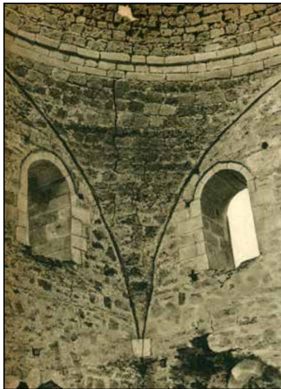
Рис. 5. Свод мечети Эски-Джами. 1950 г.

Fig. 5. The vaulting of Eski-Dzhami mosque. 1950
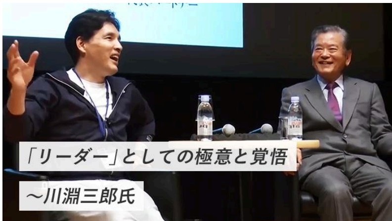
「リーダー」としての極意と覚悟～川淵三郎氏
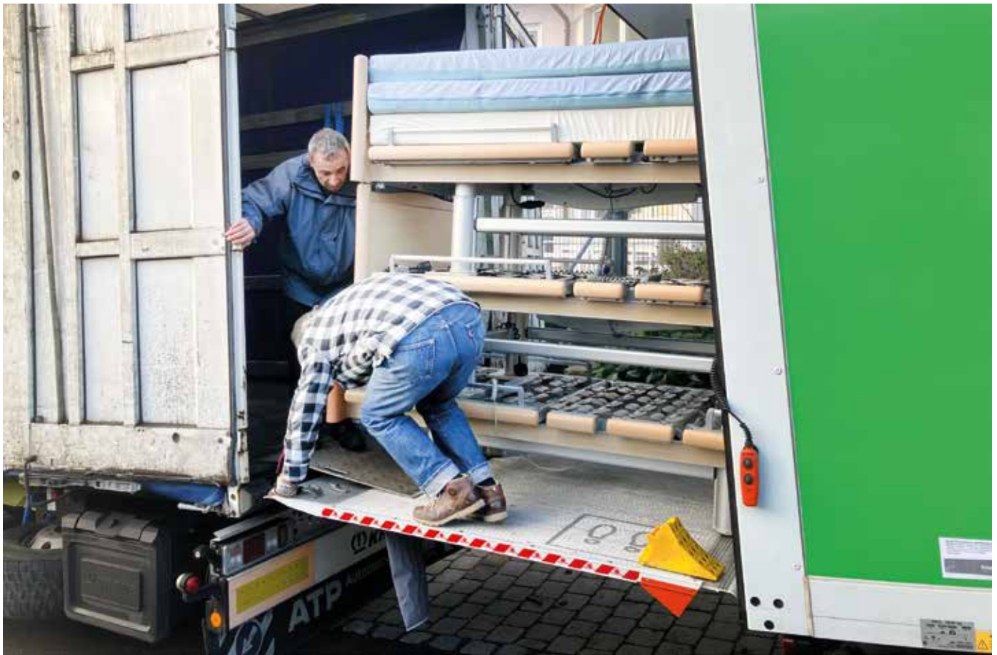
■ Die im Mietwagen übereinander gestapelten Betten wurden anschließend in den Hilfstransporter verladen.
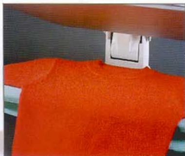
Repasser facilement les jersey délicats
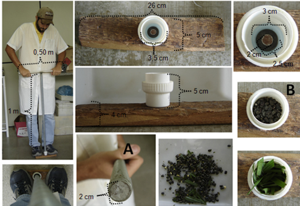
Figura 1. Metodologia de mastigação simulada. A: barra de ferro; B: recipiente de plástico. (Methodology of simulate mastication).

foi realizada a simulação da mastigação com posterior seleção de 50 sementes não destruídas, por repetição, para o teste de germinação. Para o tratamento mastigação com posterior escarificação, foi realizada a simulação da mastigação e seleção de 60 sementes não destruídas, sendo que estas foram escarificadas e selecionadas 50 sementes por repetição para realização do teste de germinação.
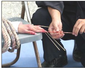
酷刑演示：竹签钉指甲
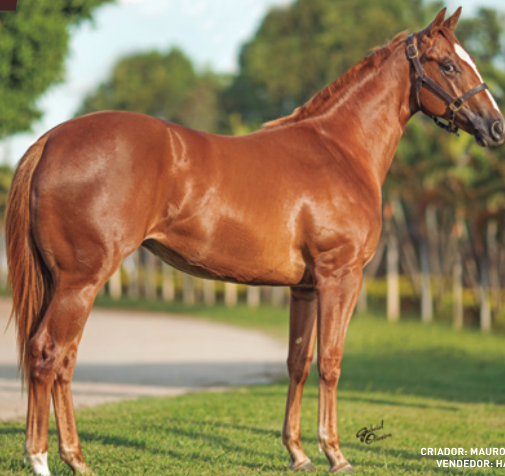
CRIADOR: MAURO ELI ZABOROWSKY VENDEDOR: HARAS VISTA VERDE

IRMÃ MATERNA DO GARANHÃO HABITS SECRETS , AAAT-109. 10 VITÓRIAS E U$330.334, DE ZECRETO VERDE , AAAT-102 E DE YES SECRET VERDE, ( PABLITO ). VENCEDOR DO GP INTERNACIONAL EM CORONEL OVIEDO/17. LINHA MATERNA DE FISHERS DASH.
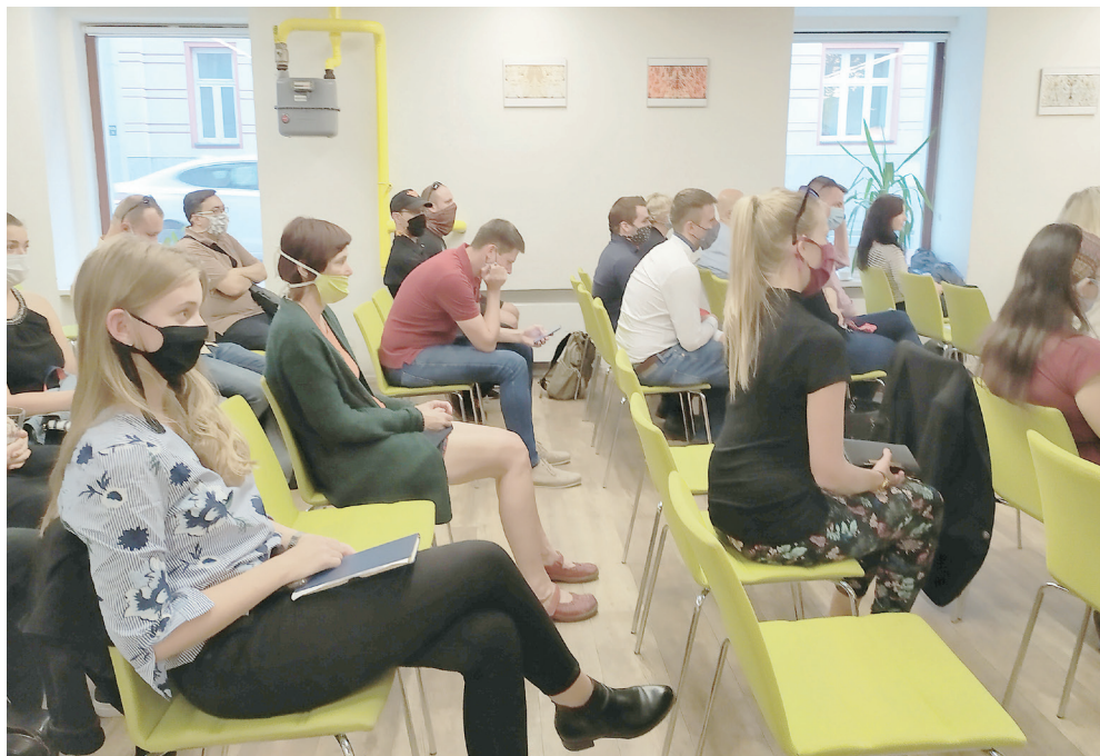
V Impact Hubu se ve středu 22. září sešli nejen autoři všech osmi vybraných projektů, ale i další příznivci. Ti mohli již v tento den dát svému vybranému projektu hlas.

Pítko by sloužilo k načerpání vody do lahve, k okamžitému osvěžení v letních dnech, k umytí rukou (Jiráskovo náměstí je blízko prodejny hranolek a dalšího občerstvení, které lidé jedí venku), a také k omytí zakoupeného ovoce či zeleniny, které si lidé mohou zakoupit v blízkém stánku s ovocem a zeleninou. Nové pítko
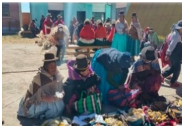
Gráfico 8 Madres de familia preparando el Apthapi

La palabra Apthapi en aymará significa “traer”. El apthapi es una práctica comunitaria de hermandad, siempre se lleva a cabo en fiestas agrícolas o festividades de la comunidad, consiste en que todos los miembros de la comunidad lleven los alimentos que se produce en este tiempo para compartir con su gente. Cabe recalcar que si algún comunario no puede llevar algo los demás no lo juzgan por el contrario todos son bienvenidos a participar del apthapi y traer lo que puedan.
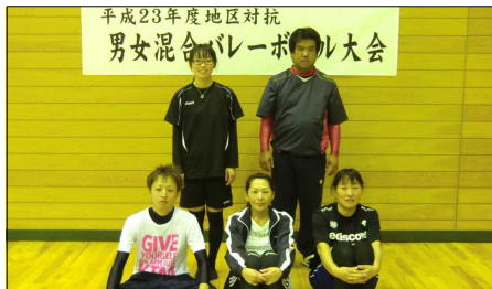
準優勝の内ノ井Aチーム

決勝戦は宇能越チームと内ノ井Aチームで行われ、宇能越チームが1セット目をとり優勢となると2セット目はさらに激戦となりましたが、21対16で宇能越チームが試合を制し優勝を飾りました。
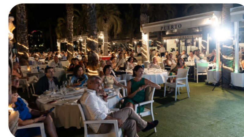
Ambiente que se respiró en la celebración del Día del Colegiado, en el Muelle Uno de Málaga

Como reseñó Carrasco Sancho, "cada uno de los premiados encarna el espíritu de excelencia y dedicación que caracteriza a la Enfermería. Por eso, desde el Colegio queremos seguir reiterando nuestro compromiso de seguir honrando la labor de nuestros profesionales y promoviendo el desarrollo de la comunidad enfermera en la provincia".
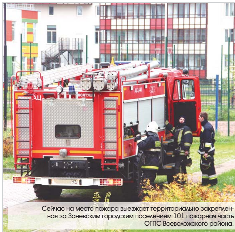
Сейчас на место пожара выезжает территориально закрепленная за Заневским городским поселением 101 пожарная часть ОПГПС Всеволожского района.
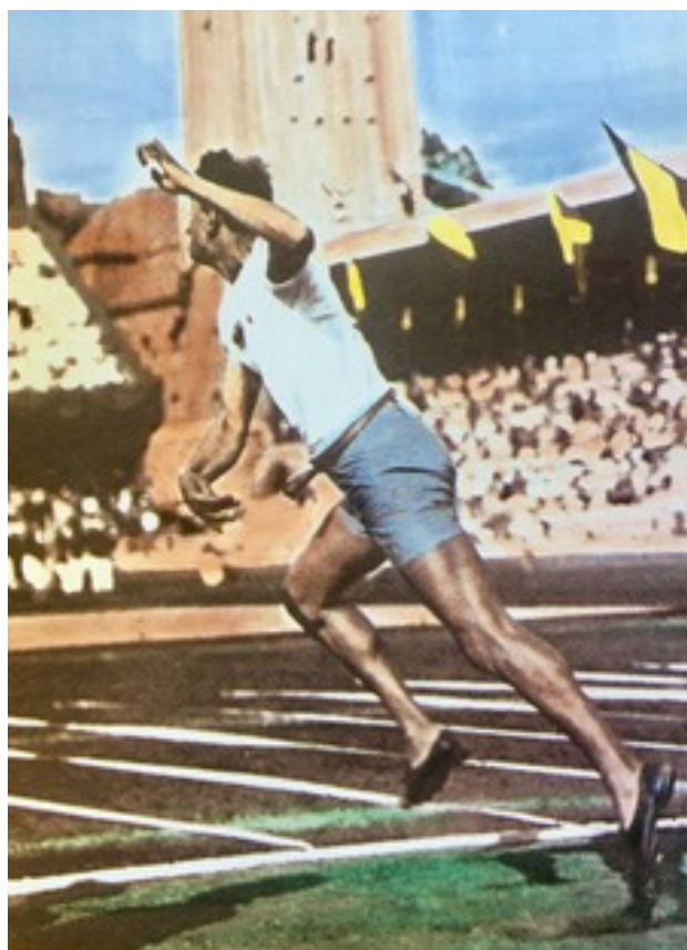
Vykort från LS 100 årsjubileum som visar Eric Lemming vid OS 1912 på Stockholms stadion
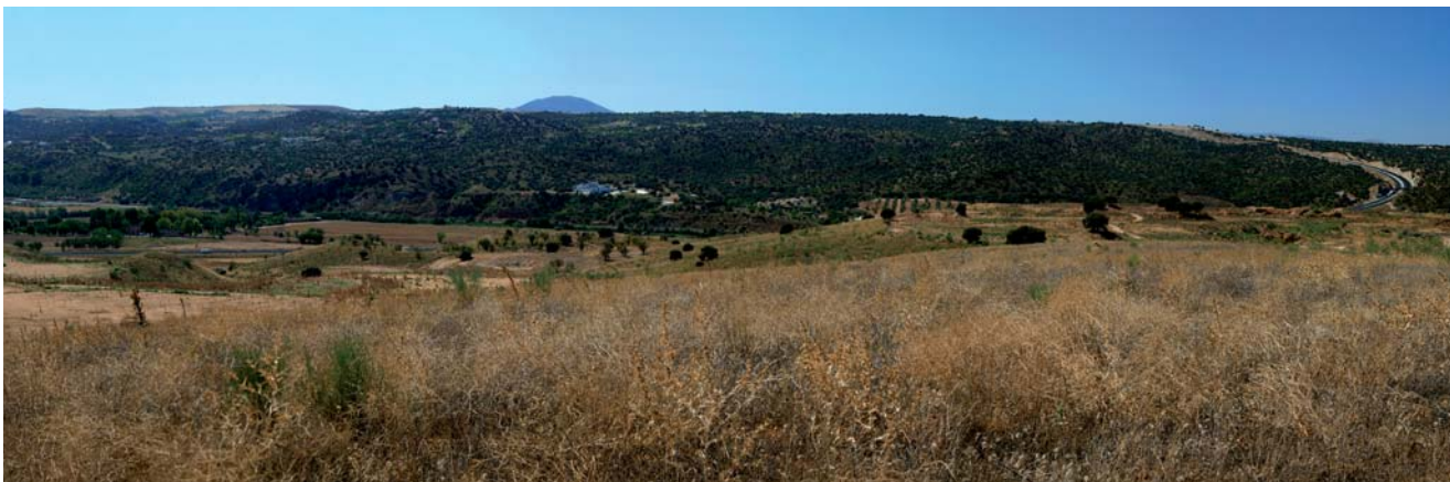
Cerro de los Palos en la actualidad.

La penúltima capa de esta “epidermis cultural” es el paisaje que se generó entre los años 1936 y 1939 con motivo de la Guerra Civil española. Una capa de una gran complejidad, ya que suma a su vez otros muchos paisajes y también una de las que más riesgo corre de desaparición. Un paisaje efímero en su génesis pero esperamos que no lo sea en su conservación para las generaciones venideras.
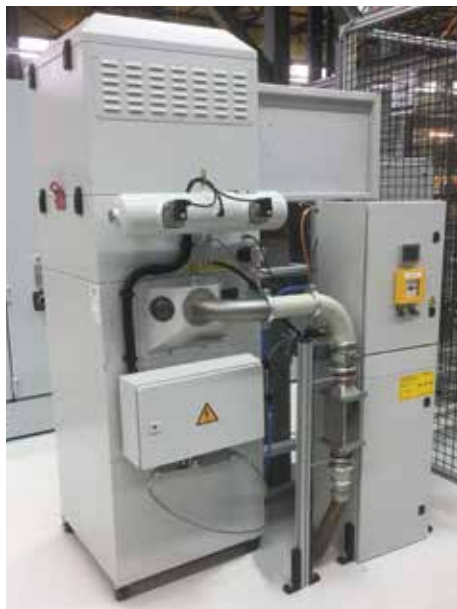
DS 3, clase de polvo M
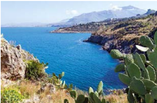
▲ Rezerwat „Lo Zingaro”

Droga wiedzie przez jeden z najbardziej malowniczych zakątków Sycylii, wzdłuż północnego brzegu wyspy, gdzie kryształowe morze obejmuje w miłośnym uścisku najpiękniejszą plażę wyspy. Dalej przez terytorium dawnej osady Góry św. Juliana (jak nazywano Érice w średniowieczu), obok rezerwatu „Lo Zingaro” („Cygan”) i góry Monte Cofano, aż do najważniejszego sanktuarium tego obszaru – bastionu chrześcijaństwa, fortu św. Wita. Szlakiem, wzdłuż którego znajdują się liczne kapliczki zachęcające do zastanowienia i kontemplacji, którym wędrują pielgrzymi w stronę Érice lub w przeciwnym kierunku, w stronę domu świętego męczennika Wita. Był on synem poganina, senatora Mazzary Gelasa, ale wychowany został w duchu chrześcijańskim przez piastunkę Krescencję i jej męża Modesta. Gdy miał siedem lat (wg niektórych wersji dwaście) jego ojciec dowiedział się o wierze syna i usiłował go od niej odwieść – naj-
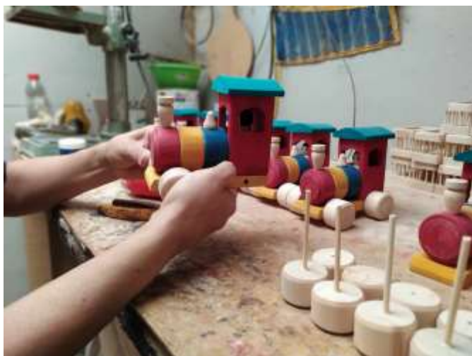
Seguimiento Producción Pinar Pensilvania, Caldas. 2019

La población atendida en Pensilvania es rural y urbana, se realizó convocatoria por medio de contacto directo con los talleres y artesanos que se habían trabajado en proyectos anteriores y adicionalmente se contactó con gesto de la fundación Acceso para convocar nuevos artesanos para talleres práctico - teóricos. En Pensilvania la población atendida está dividida principalmente en talleres de trabajo en madera donde se agrupan varios artesanos y otros artesanos individuales que ejecutan otros oficios y generalmente tiene sus talleres en las casas. Se realizaron asesorías puntuales, asistencias técnicas, talleres, diseño de productos, seguimiento a la producción y apoyo comercial.

**Task to carry out**
Pull each line containing the word "Pensilvania" out of the data above.

**Solution**
Seguimiento Producción Pinar Pensilvania, Caldas. 2019
La población atendida en Pensilvania es rural y urbana, se realizó convocatoria por medio de contacto directo con los talleres y artesanos que se habían trabajado en proyectos anteriores y adicionalmente se contactó con gesto de la fundación Acceso para convocar nuevos artesanos para talleres práctico - teóricos. En Pensilvania la población atendida está dividida principalmente en talleres de trabajo en madera donde se agrupan varios artesanos y otros artesanos individuales que ejecutan otros oficios y generalmente tiene sus talleres en las casas. Se realizaron asesorías puntuales, asistencias técnicas, talleres, diseño de productos, seguimiento a la producción y apoyo comercial.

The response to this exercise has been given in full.